* [INSTRUCTIONS TO FOLLOW] Restate exactly the lines that run from the start of the records below to the line containing "10月20日晚,三峡高中高一", counting both ends, and nothing else; pictures stay out.

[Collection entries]
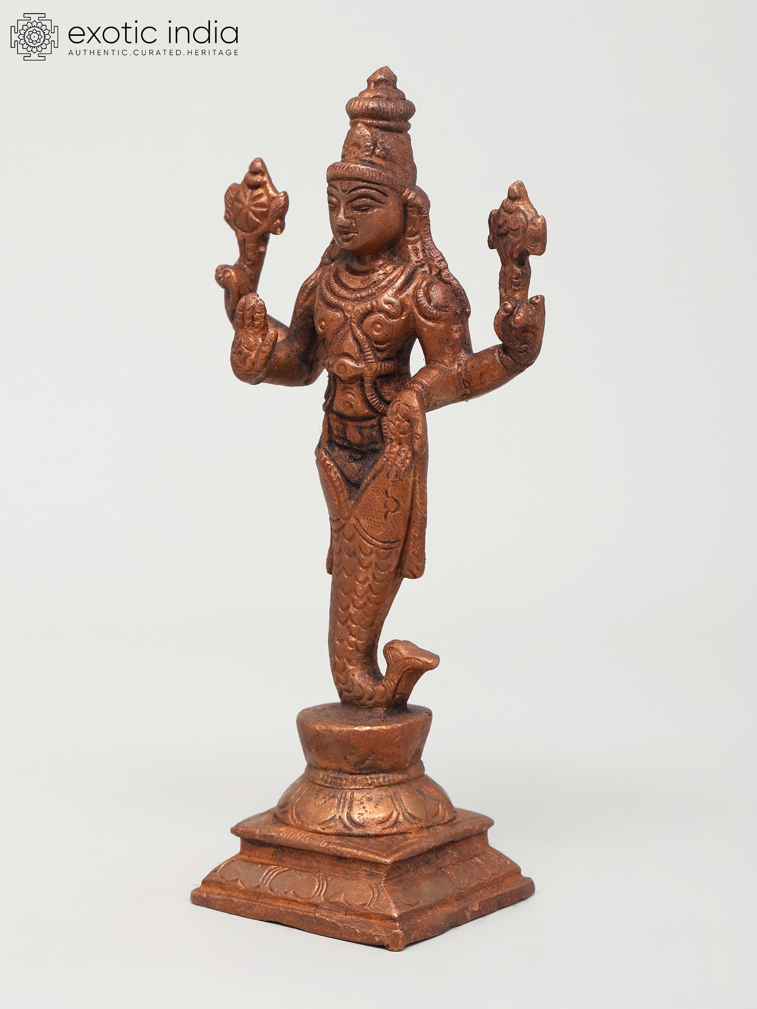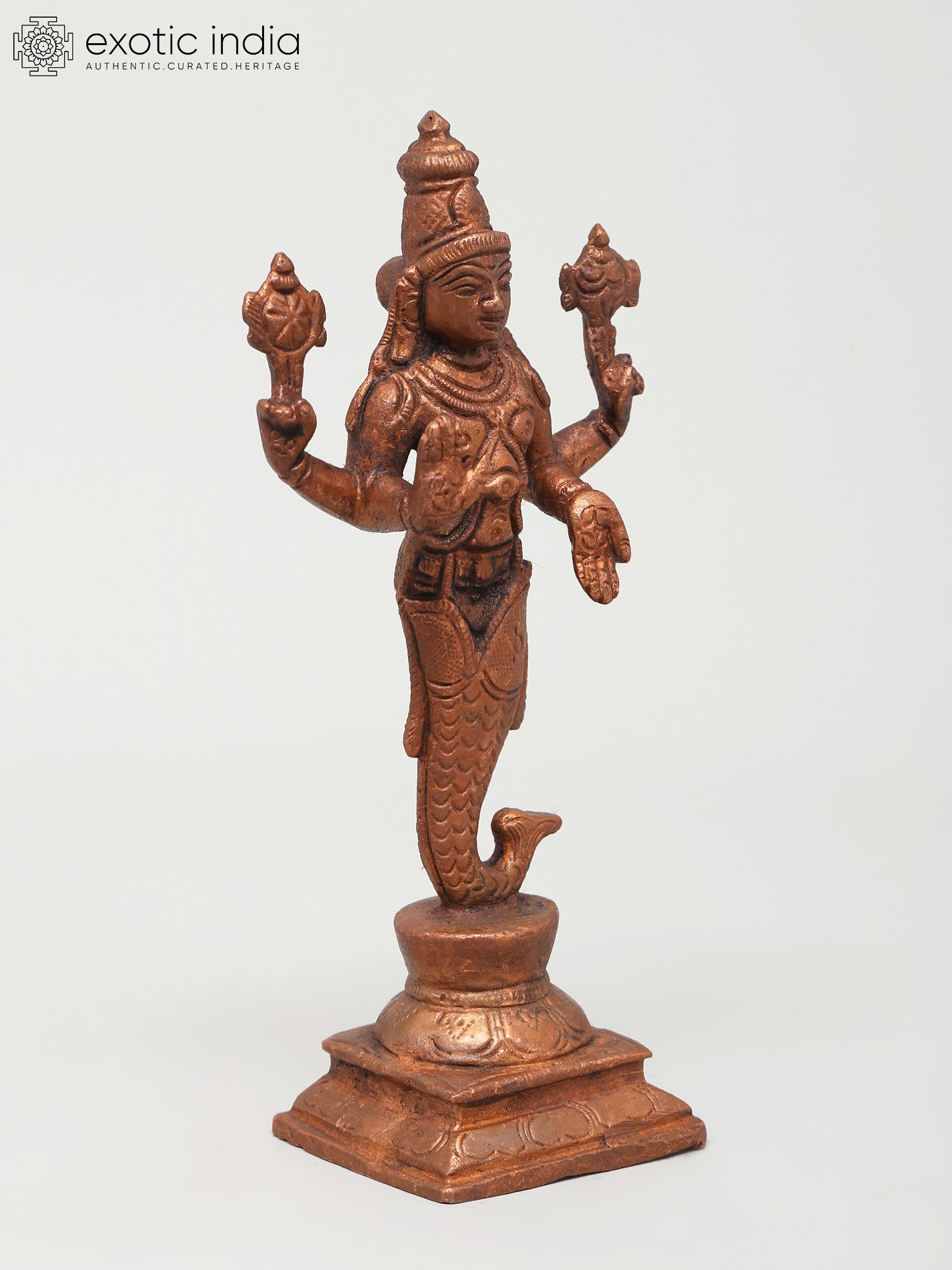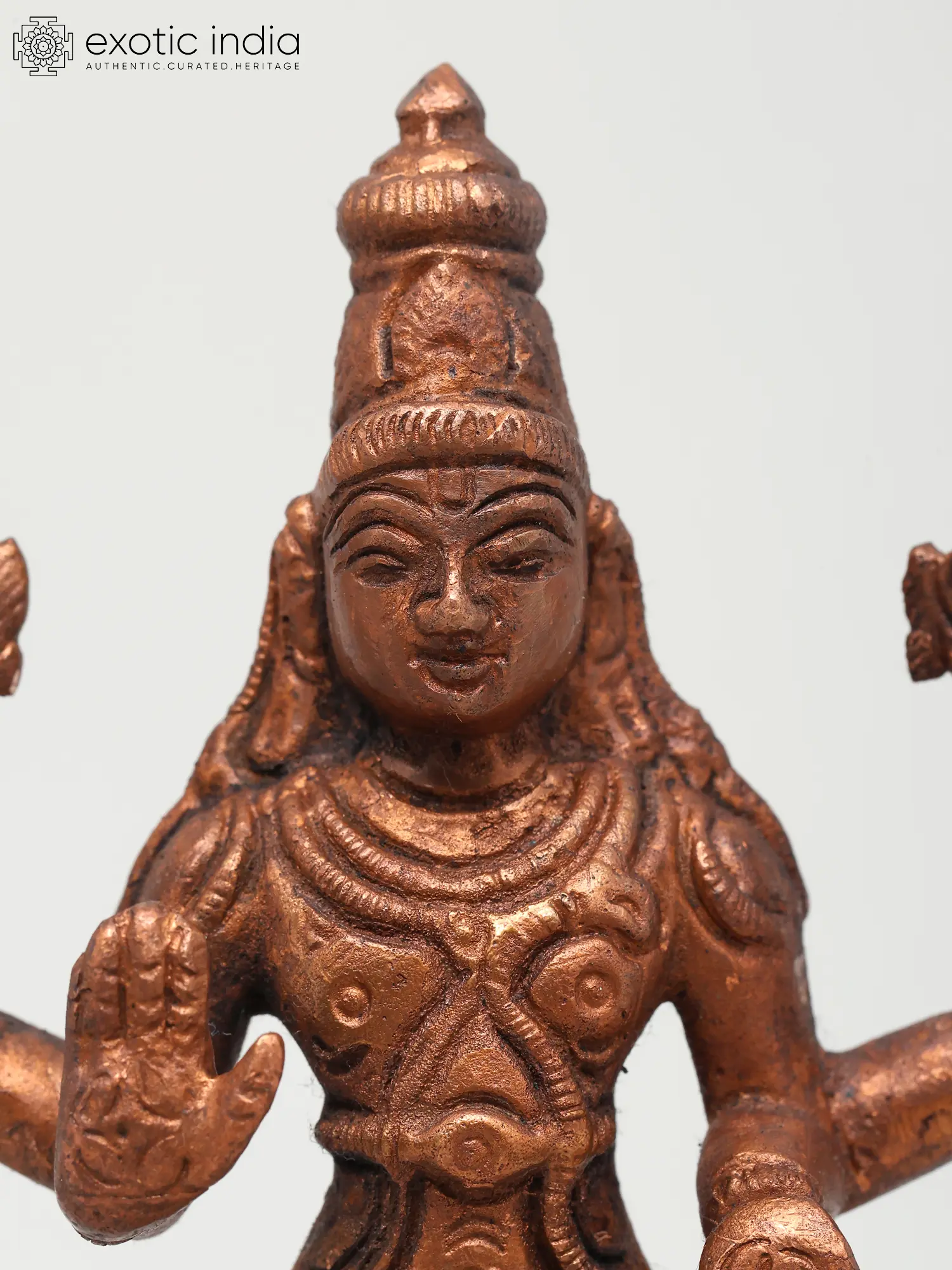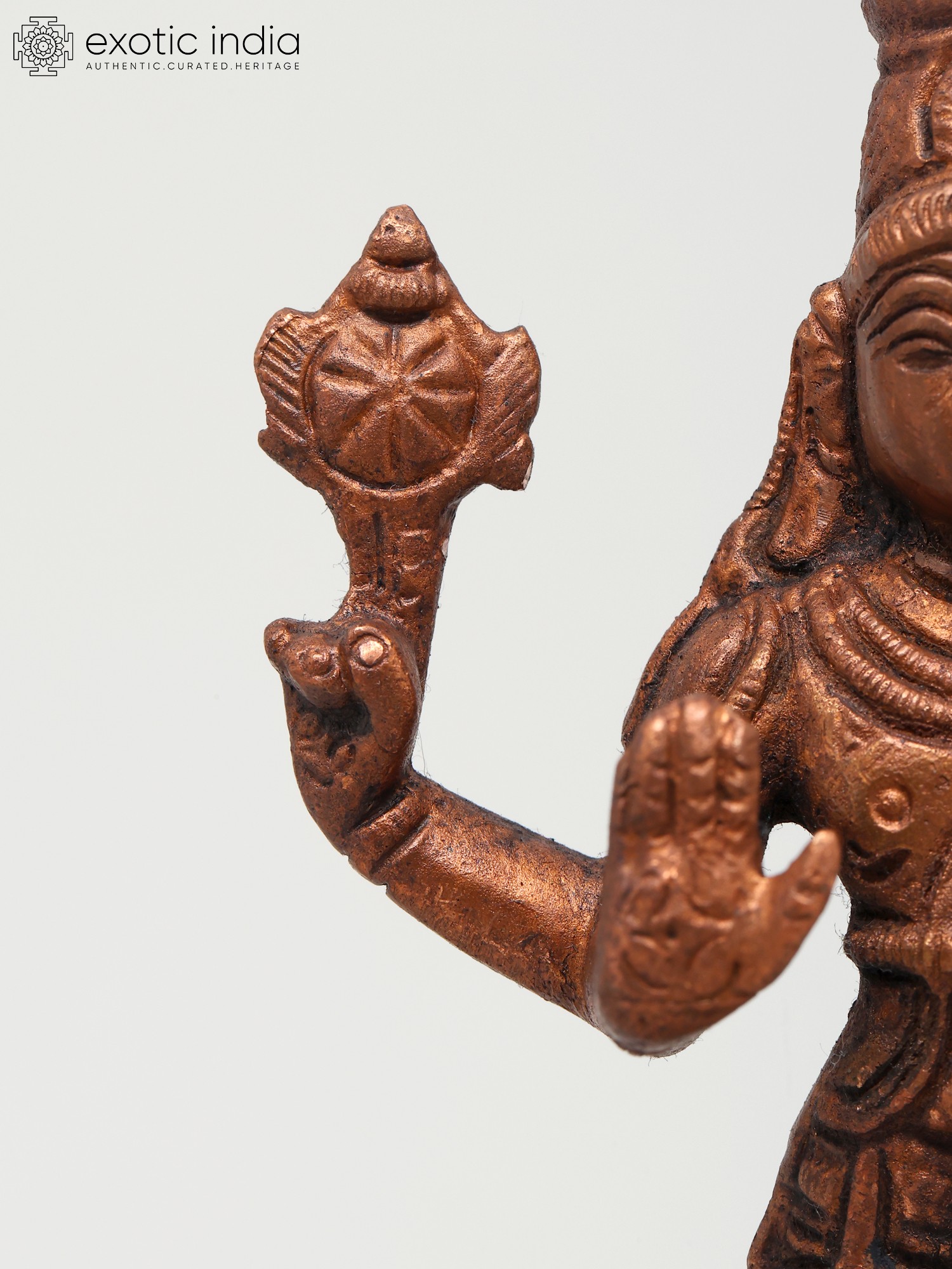 6" Small Four Armed Standing Lord Vishnu | Copper Statue
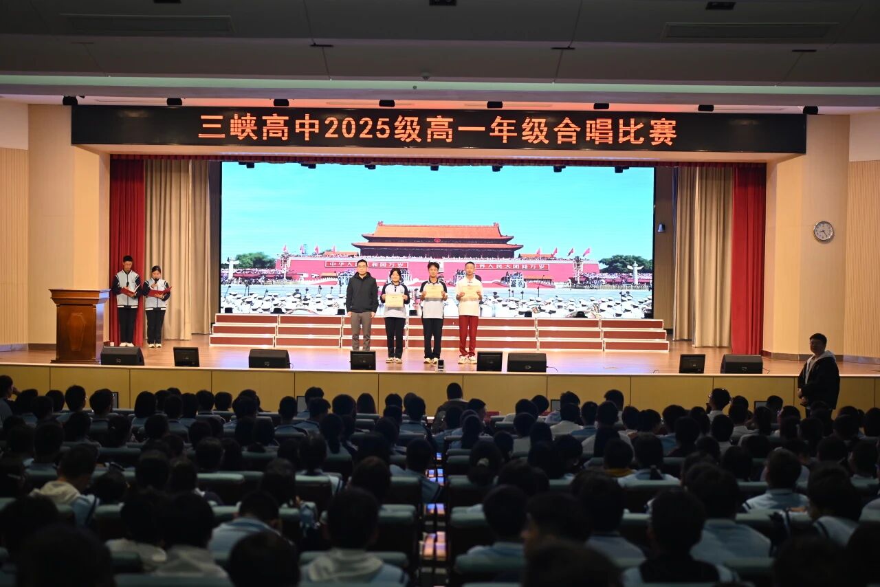 10月20日晚,三峡高中高一年级“红心向党 强国有我——青春歌声献礼英雄”合唱比赛决赛在学校礼堂隆重举行。经过前期初赛的激烈角逐,十一个班级凭借出色表现脱颖而出,最终站上决赛舞台,以歌声传递对祖国的热爱,向英雄致以崇高敬意。
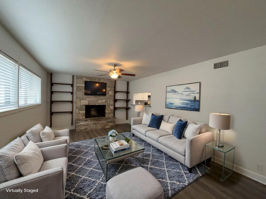 Step inside to find a mix of carpet, ceramic tile and vinyl flooring that adds both warmth and durability throughout the home. The main floor includes a convenient half bath and a cozy fireplace, creating the perfect spot to unwind. The home is equipped with HVAC and a programmable thermostat to help keep the temperature comfortable year-round. The kitchen is ready for daily cooking and entertaining, featuring a dishwasher, electric glass cooktop stove, and refrigerator, along with ample space for meal preparation. A dedicated laundry room with washer and dryer hookups adds everyday convenience.
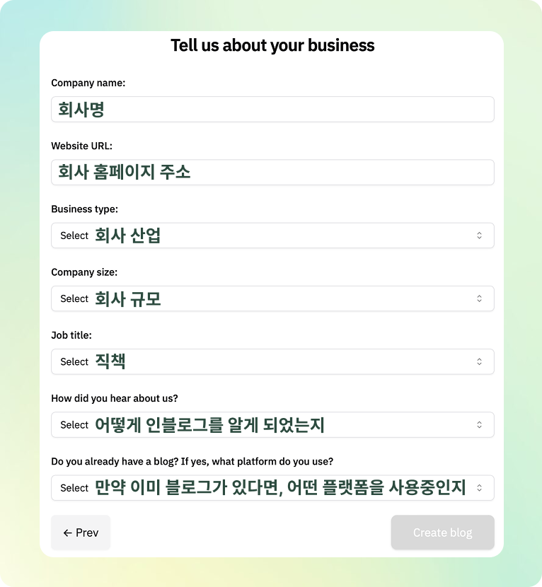 기업용 블로그로 운영하기 적합합니다. 인블로그 서비스가 제공하는 모든 기능 (도메인 연결, 리드 캡쳐 폼, 커스텀 디자인 등) 을 활용할 수 있습니다. 14일 무료 체험을 제공 드리며, 이후 언제든 구독 취소가 가능합니다.
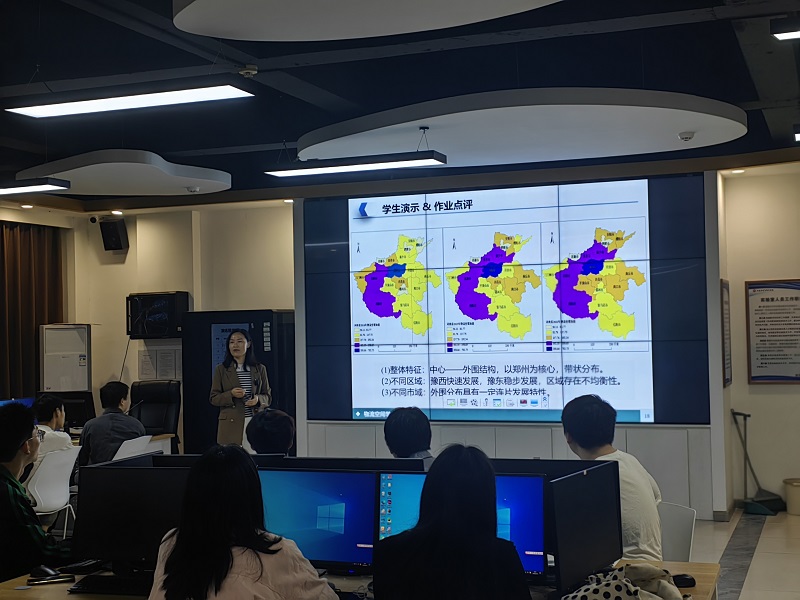 本次示范课的授课对象为20物流01班的同学。首先是课前回顾环节:先由员工进行作业演示,随后张老师对作业进行了点评;然后是精讲环节:通过前测了解员工自学情况,明确了教学目标,由计算人口密度问题引入本节课关于核密度法的概念,并对做核密度图可能出现的问题进行梳理;最后是小组讨论环节:围绕河南省冷库分布问题,探讨存在哪些分布特征、现有知识可以解决哪些问题、核密度需要哪些数据、如何实现等内容,小组进行总结并开展课堂讨论。
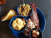 The first ingredient in the barbecue tradition is the meat. The most widely used meat in most barbecue is pork, particularly pork ribs, and also the pork shoulder for pulled pork.[4] In Texas, beef is more common, especially brisket.
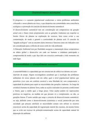 O documento discute a importância do desenvolvimento sustentável e da educação ambiental para preservar o planeta. Aborda conceitos como pegada ecológica e poluição atmosférica, e sistemas de gestão ambiental como o EMAS. Defende que pequenas ações individuais, como reduzir resíduos e consumos, e a separação de lixo para reciclagem, podem ter grande impacto coletivo na preservação dos recursos naturais.
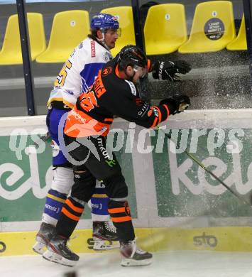 EBEL. Eishockey Bundesliga. VSV gegen Moser Medical Graz 99ers. Raphael Wolf, (VSV), Adis Alagic (Graz). Villach, am 23.2.2021.
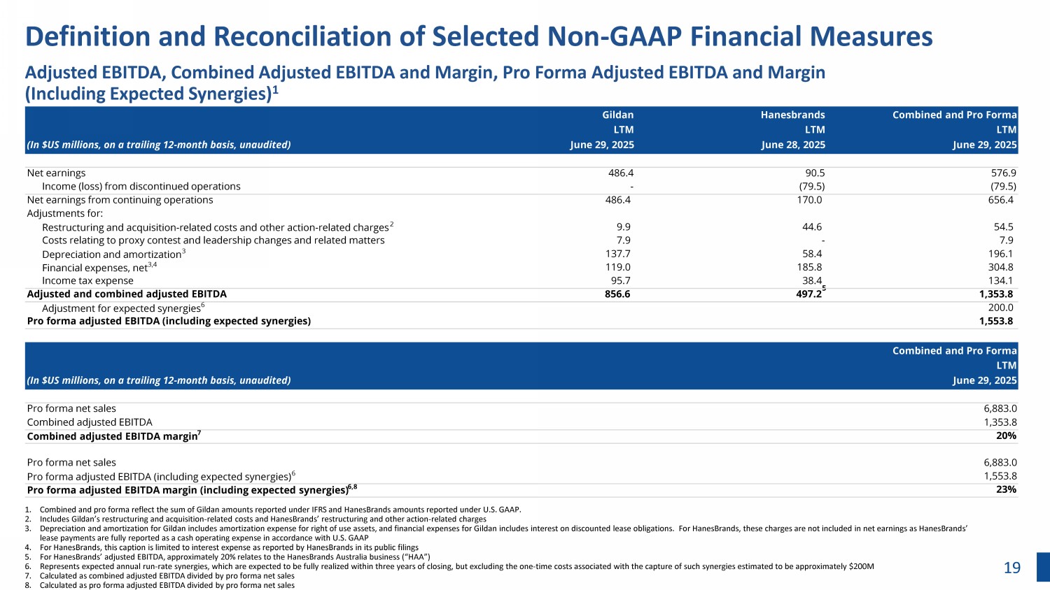 18 References to “LTM” in this presentation means the trailing twelve - month period ended June 29 , 2025 . Gildan’s financial information for the LTM period ended June 29 , 2025 presented herein is unaudited and has been derived by adding Gildan’s unaudited interim consolidated financial information for the six months ended June 29 , 2025 to its consolidated financial information for the fiscal year ended December 29 , 2024 and subtracting its unaudited interim consolidated financial information for the six months ended June 30 , 2024 . HanesBrands ’ financial information for the LTM period ended June 28 , 2025 presented herein is unaudited and has been derived by adding HanesBrands ’ unaudited interim consolidated financial information for the six months ended June 28 , 2025 to its consolidated financial information for the fiscal year ended December 28 , 2024 and subtracting its unaudited interim consolidated financial information for the six months ended June 29 , 2024 . Gildan’s financial statements are prepared in accordance with IFRS, and most of the historical financial information of Gildan included in this presentation has been derived from Gildan’s annual or interim financial statements prepared in accordance with IFRS and has been prepared using accounting policies that are consistent with IFRS . HanesBrands ’ financial statements are prepared in accordance with U . S . GAAP, and most of the historical financial information of HanesBrands included in this presentation has been derived from HanesBrands ’ annual or interim financial statements prepared in accordance with U . S . GAAP and has been prepared using accounting policies that are consistent with U . S . GAAP . This presentation also includes certain non - GAAP and other financial measures presented by Gildan and HanesBrands in their respective public filings as discussed in “Non - GAAP financial measures and related ratios” below . IFRS differs in certain material respects from U . S . GAAP . The financial information of HanesBrands presented in this presentation has not been adjusted to give effect to the differences between U . S . GAAP and IFRS or to accounting policies that comply with IFRS and as applied by Gildan, and thus may not be directly comparable to Gildan’s financial information prepared in accordance with IFRS . Combined and pro forma financial information presented in this presentation are based on the summation of Gildan’s financial information for the LTM period ended June 29 , 2025 combined with HanesBrands ’ financial information for the LTM period ended June 28 , 2025 , before giving effect to the acquisition, advances and funds expected to be drawn under the committed transaction financing or refinancing of HanesBrands ’ debt and without any pro forma adjustments . The presentation of financial information on a combined or pro forma basis in this presentation does not comply with IFRS . The combined and pro forma financial information included in this presentation does not reflect what the actual financial and operational results would necessarily have been had Gildan and HanesBrands operated as a single combined company for the periods presented, and such information does not purport to project the combined company’s financial results or results of operations for any future period . We believe that such information can provide readers with a better understanding of how we assess the potential contribution of HanesBrands to Gildan’s results of operation and the effect of the acquisition on Gildan’s financial position and leverage . PRESENTATION OF FINANCIAL INFORMATION Adjusted EBITDA, combined adjusted EBITDA and pro forma adjusted EBITDA (including expected synergies) Gildan calculates adjusted EBITDA as earnings before financial expenses net, income taxes, and depreciation and amortization, and excludes the impact of restructuring and acquisition - related costs (including acquisition transaction costs and acquisition integration costs) . Adjusted EBITDA also excludes impairment (impairment reversal) of intangible assets, net insurance gains, the gain on sale and leaseback (all of which were not applicable for the trailing 12 - month period ended June 29 , 2025 ), and costs relating to proxy contest and leadership changes and related matters . HanesBrands ’ adjusted EBITDA measure included in this presentation is calculated as HanesBrands ’ EBITDA as reported in its public filings, excluding the impact of restructuring charges related to its supply chain restructuring and consolidation and other action - related charges as described in its public filings, in order to better align with how Gildan calculates its adjusted EBITDA for the trailing 12 - month period ended June 29 , 2025 . HanesBrands ’ adjusted EBITDA measure included in this presentation does not include EBITDA relating to discontinued operations, and also excludes adjustments for certain other losses, charges and expenses as reported in HanesBrands ’ public filings (such adjustments were made to align the presentation in HanesBrands ’ public filings with the definition of the financial ratios included in its credit agreement) . Combined adjusted EBITDA is the summation for the applicable of Gildan’s adjusted EBITDA combined with HanesBrands ’ adjusted EBITDA . Pro forma adjusted EBITDA presents the combined adjusted EBITDA of Gildan and HanesBrands for the applicable period, including the impact of expected annual run - rate synergies . Combined and pro forma adjusted EBITDA margin (including expected synergies) Combined adjusted EBITDA margin is defined as combined adjusted EBITDA divided by pro forma net sales . Pro forma adjusted EBITDA margin is defined as pro forma adjusted EBITDA, including the impact of expected annual run - rate synergies, divided by pro forma net sales . Adjusted diluted EPS Gildan calculates adjusted diluted EPS as adjusted net earnings divided by the d
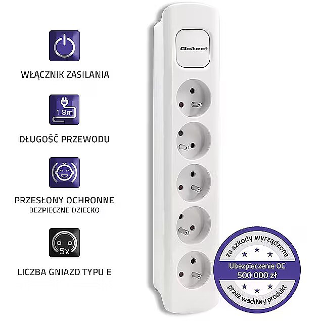Name - Qoltec Listwa zasilająca | 5 gniazd | 1.8m| Biała

* [EXERCISE SOLUTION]
 6" Small Four Armed Standing Lord Vishnu | Copper Statue
 10月20日晚,三峡高中高一年级“红心向党 强国有我——青春歌声献礼英雄”合唱比赛决赛在学校礼堂隆重举行。经过前期初赛的激烈角逐,十一个班级凭借出色表现脱颖而出,最终站上决赛舞台,以歌声传递对祖国的热爱,向英雄致以崇高敬意。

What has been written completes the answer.